To showcase an innovative alternative to mechanical controls in sensing applications, Freescale Semiconductor (NYSE:FSL) (NYSE:FSL.B) is demonstrating a non-contact proximity sensor reference platform at the Freescale Technology Forum in Tokyo, Japan. This advanced reference platform is based on Freescale’s highly integrated MC33794 proximity sensor, which generates a low-level electric field (e-field) and uses feedback to detect the presence of objects.
Freescale’s proximity sensors provide cost-effective, easy-to-implement solutions for automotive electronics and industrial control manufacturers who are designing systems that detect objects without direct contact. Proximity sensing offers reliability advantages over traditional methods that require physical contacts, which can deteriorate due to wear and become less dependable over time. Freescale’s e-field technology has been applied in vehicle occupant sensing systems, touch panels and liquid level sensing applications.
“Freescale is helping developers implement e-field sensing technology in their applications by providing a comprehensive reference platform that demonstrates the versatility of non-contact proximity detection,” said Yasushi Matsushita, automotive sensor and analog operations manager for Freescale Semiconductor Japan Ltd. “This innovative sensing technology can help make cars, appliances and industrial controls safer and more convenient. For example, the technology can enable an automatic on/off switch that activates when a hair dryer is picked up and turns off when set down.”
Automotive equipment manufacturers can use Freescale’s e-field technology as an alternative to mechanical systems for liquid-level detection applications. The technology is ideal for designing intelligent airbag systems that detect passengers (thereby preventing airbag deployment, for example, if the system detects a child occupant) and for other automotive safety systems. In addition, e-field technology can enhance human machine interface (HMI) dashboard applications designed to make the driving experience easier and more comfortable.
Reference platform demonstration
Wednesday, Sept. 13, 2006
11 a.m. – 8 p.m.
Freescale Technology Forum Technology Lab
1-8-1 Shimo-Meguro Meguro-ku Tokyo, Japan
Proximity sensor reference platform features
- Human touch detection through the touch pad and slider board
- Water level detection through the water pump and water slider board
- Based on MC33794 proximity sensor with 9 + 1 electrodes
- 8-bit microcontroller (MC68HC908QB8)
- Multiple switch detection interface (MC33993) drives LEDs
- H-bridge motor driver (MC33886) serves as a water pump
- Input supply voltage +12V DC / 2A
- 7-segment numeric LED display and LED bar graph
- Connection with a PC via RS232 (FreeMASTER GUI)

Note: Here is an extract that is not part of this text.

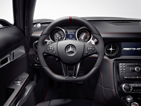![]() 所搭配的AMG SPEEDSHIFT DCT 7七速雙離合器自手排變速箱,其M模式的換擋時間更為縮短,讓SLS AMG GT的0-100km/h加速成績進步至3.7秒(之前為3.8秒),極速也略從317km/h增加至320km/h。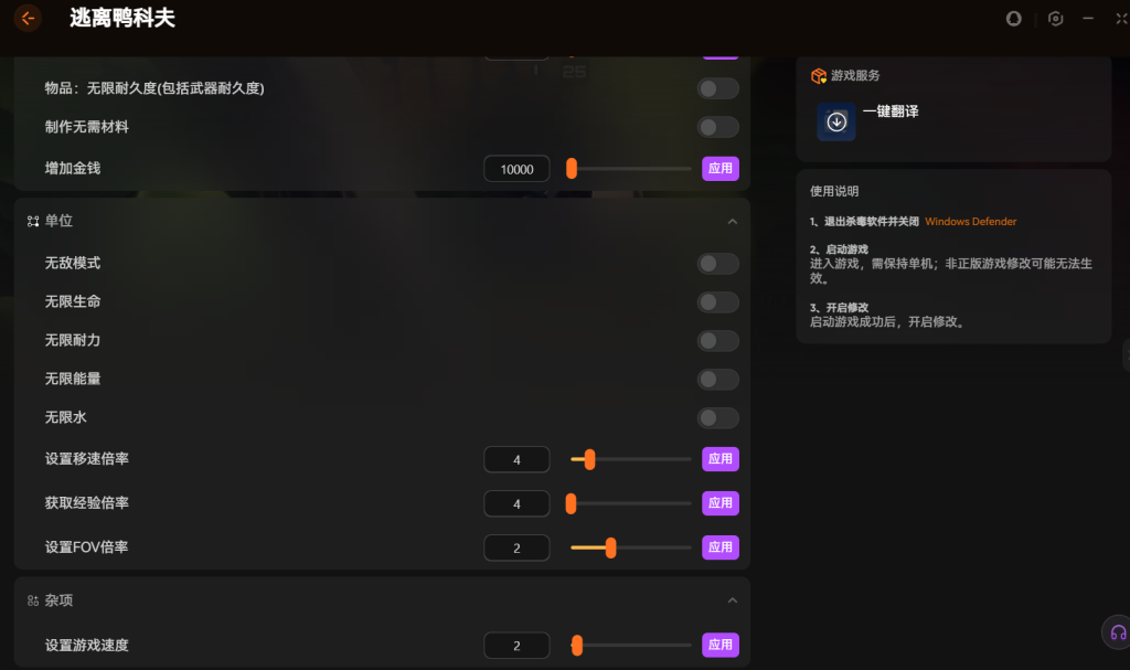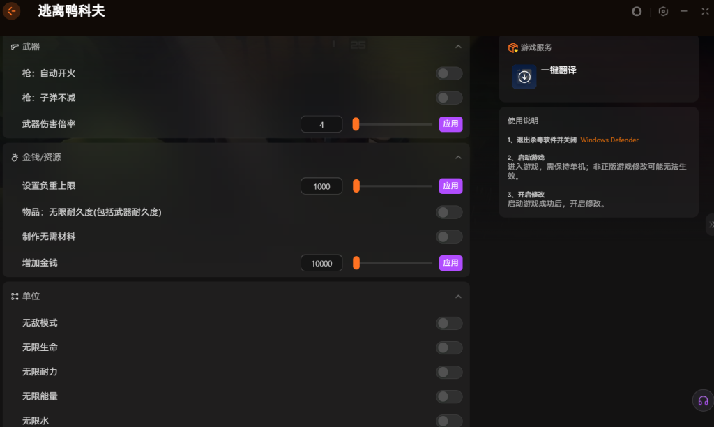 使用XMOD修改 器前请退出杀毒软件。进入游戏后保持单机状态,然后开启修改功能。这些实用功能将大幅提升你的游戏体验,帮助你在鸭科夫世界顺利生存。

About Freescale e-field sensors
Designed for applications that require non-contact sensing of objects, the MC33794 sensor contains circuitry to generate a low-level electric field and measure the field loading caused by objects moved into the field. The MC33794 generates a low-frequency sine wave, and the frequency is adjustable by using an external resistor and performs optimally at 125 KHz. The MC33794 supports up to 66 touch points and up to 11 electrodes and includes watchdog and power-on-reset timers.
A cost-effective alternative to the MC33794, the MC34940 addresses the appliance and industrial markets. The MC34940 is suitable for implementing proximity detection and three-dimensional e-field sensing. It is able to trigger functions such as turning switches on or off, disabling features or setting off alarms to indicate dangerous situations for devices such as coffee pots, hair dryers and lawnmowers. The MC34940 supports up to 28 touch pad sensors and up to seven simple electrodes, which when used independently, can provide information to perform multiple functions simultaneously.
For more information about Freescale’s e-field technology and sensors and to download the non-contact proximity sensor reference platform specifications, go online.
About Freescale Semiconductor
Freescale Semiconductor, Inc. (NYSE:FSL) (NYSE:FSL.B) is a global leader in the design and manufacture of embedded semiconductors for the automotive, consumer, industrial, networking and wireless markets. Freescale became a publicly traded company in July 2004. The company is based in Austin, Texas, and has design, research and development, manufacturing or sales operations in more than 30 countries. Freescale, a member of the S&P 500(R), is one of the world’s largest semiconductor companies with 2005 sales of $5.8 billion (USD).